1. Le dispositif d’aide humaine comme une menace pour soi

Dans ce type, les personnes perçoivent différemment l’aide qui leur est apportée selon qu’elle

est assurée par des membres de l’entourage familial ou par des professionnels. Dans le

premier cas, à l’image de ce que l’on a décrit chez Etienne Canet, le handicap est une expérience qui implique l’entourage. L’expérience du corps n’appartient plus exclusivement

à la personne mais associe la famille. Elle devient une expérience communément partagée,

comme c’est le cas pour monsieur Darant et son épouse :

A 60 ans, monsieur Darant, ancien cadre d’une grande entreprise, est en invalidité

depuis 5 ans suite à l’évolution de sa maladie. Il a rencontré sa compagne peu de temps avant qu’une sclérose en plaque ne soit diagnostiquée. Il vit en couple avec celle-ci depuis une quinzaine d’année. L'organisation en aide humaine est toute entière articulée autour du rôle joué par son épouse, qu’il désigne comme son aidante principale. De même, le discours de monsieur Darant sur le handicap, la maladie et l'expérience qu'il en a, englobe en permanence sa femme. Le handicap ne le concerne pas lui individuellement mais son couple. Ainsi l'intervention de services extérieurs fut justifiée non par l'évolution de ses besoins mais par rapport à son épouse : « pour qu'elle ne se fatigue pas trop », « il nous fallait de l'aide ». Le recours au lève-personne, vivement rejeté par monsieur Darant n’est finalement accepté qu’à condition qu’il apparaisse non comme la conséquence de l'aggravation de sa maladie,

mais comme d'une défaillance de son épouse : « il fallait qu'on trouve une autre solution pour....pour aider Nadine parce qu'elle ne s'en sortait pas au niveau des douches et de l'habillage le matin, c'était trop dur pour elle». Au même titre, le suivi médical dans une clinique spécialisée concerne tout autant l'épouse que monsieur Darant lui- même. Celle-ci a ainsi été « formée » par les professionnels du service pour faire les manipulations, placer la sonde urinaire, réaliser les sondages...Cette expérience commune se retrouve jusque dans la manière de s'exprimer de monsieur Darant et sa compagne, employant constamment le « on » et le « nous » et se complétant mutuellement, phrase après phrase, dans l'évocation de leur quotidien avec la maladie. Toujours du même avis, ils parlent d'une seule voix : pour eux la sclérose en plaque, ou encore le choix des aides techniques comme le fauteuil, est avant tout une affaire de couple.

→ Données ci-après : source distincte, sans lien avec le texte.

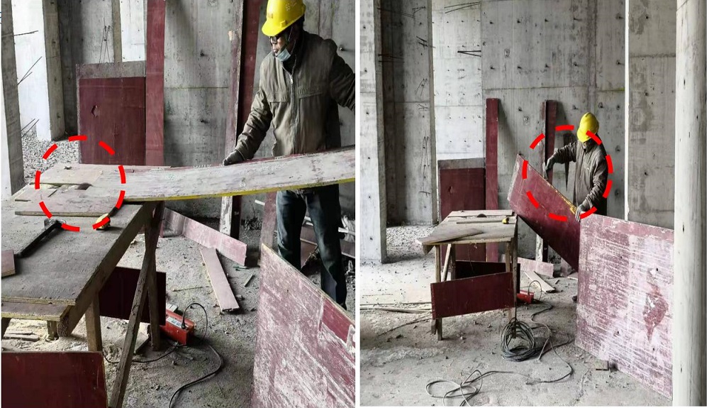 现场要求:检查机具(盘锯)安全性,做好临时用电、临边洞口安全防护。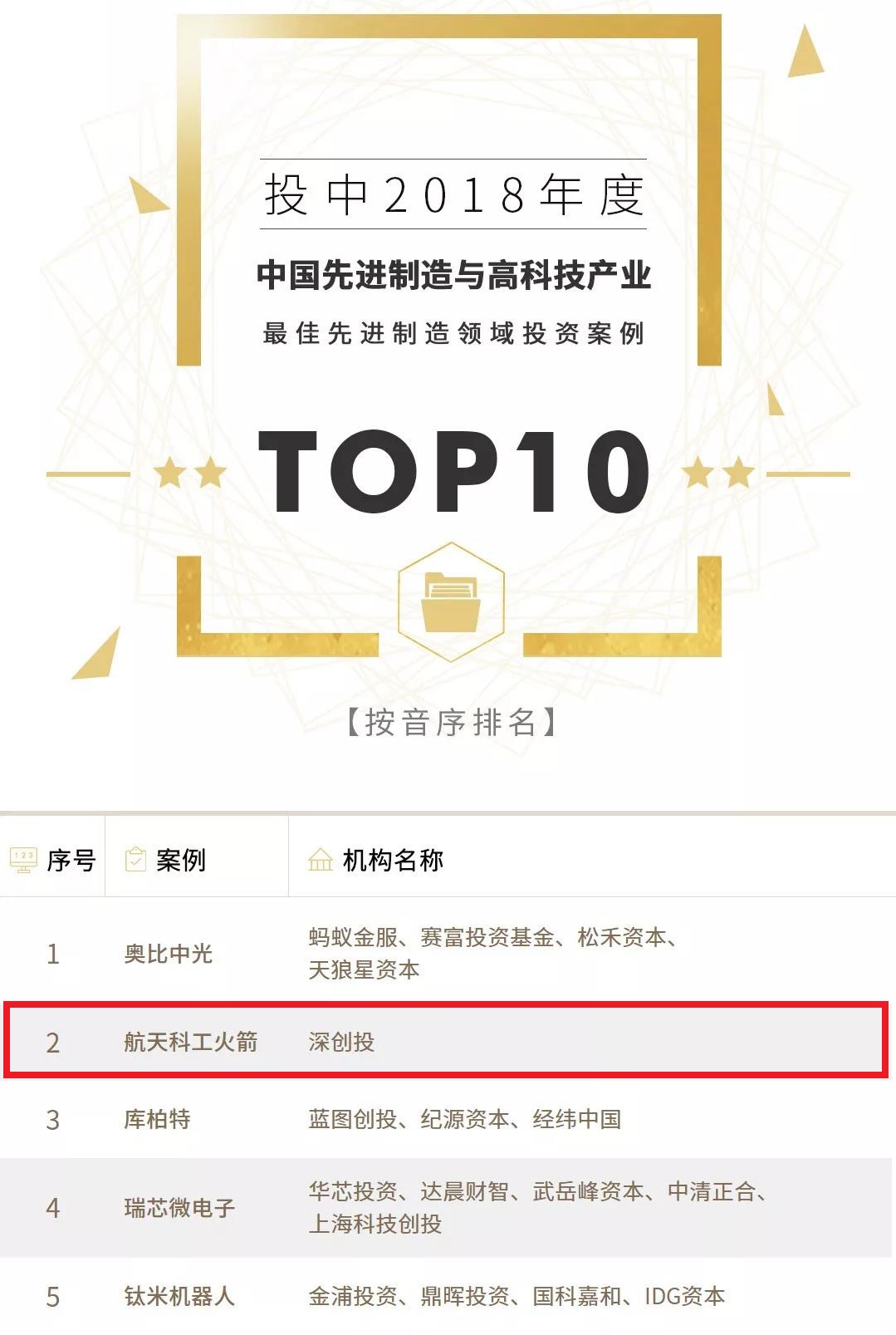 投资案例“航天科工火箭”——2018年度中国先进制造与高科技产业最佳先进制造领域投资案例TOP10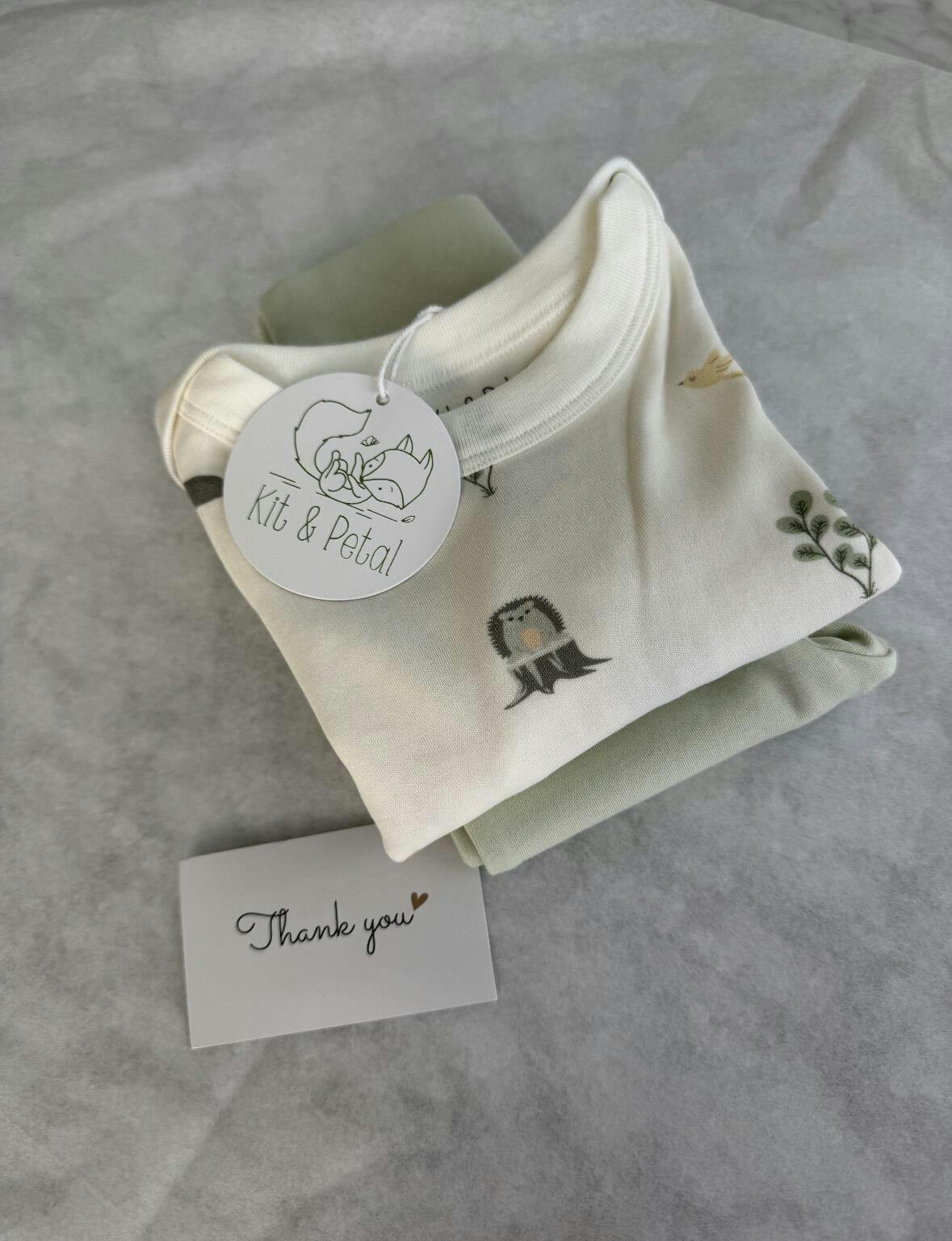 Close-up of Kit & Petal brand tag on Forest Friends organic cotton baby long sleeve shirt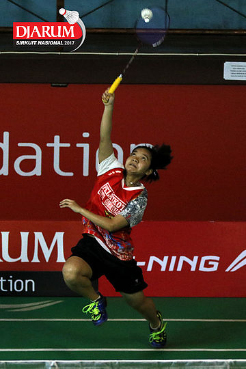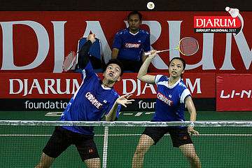 Trikusuma Wardhana/Suci Rizki Andini (Exist/Mutiara Cardinal) Mengembalikan Shuttlecock

A l’inverse, les interactions avec les professionnels sont globalement marquées par la volonté de la part des personnes en situation de handicap de conserver une importante distance

personnelle. Malgré des contacts quotidiens pouvant s’inscrire sur de nombreuses années, les

relations demeurent dans un cadre strictement professionnel. Peu d’informations sont partagées de part et d’autres. Une certaine forme de méfiance caractérise même le regard

porté par les personnes sur les aides humaines les entourant. Les relations avec ces dernières, même si elles peuvent être cordiales, sont perçues comme potentiellement dangereuses : le risque étant pour les personnes de voir leur vie privée malmenée par cette présence même des professionnels à leur domicile.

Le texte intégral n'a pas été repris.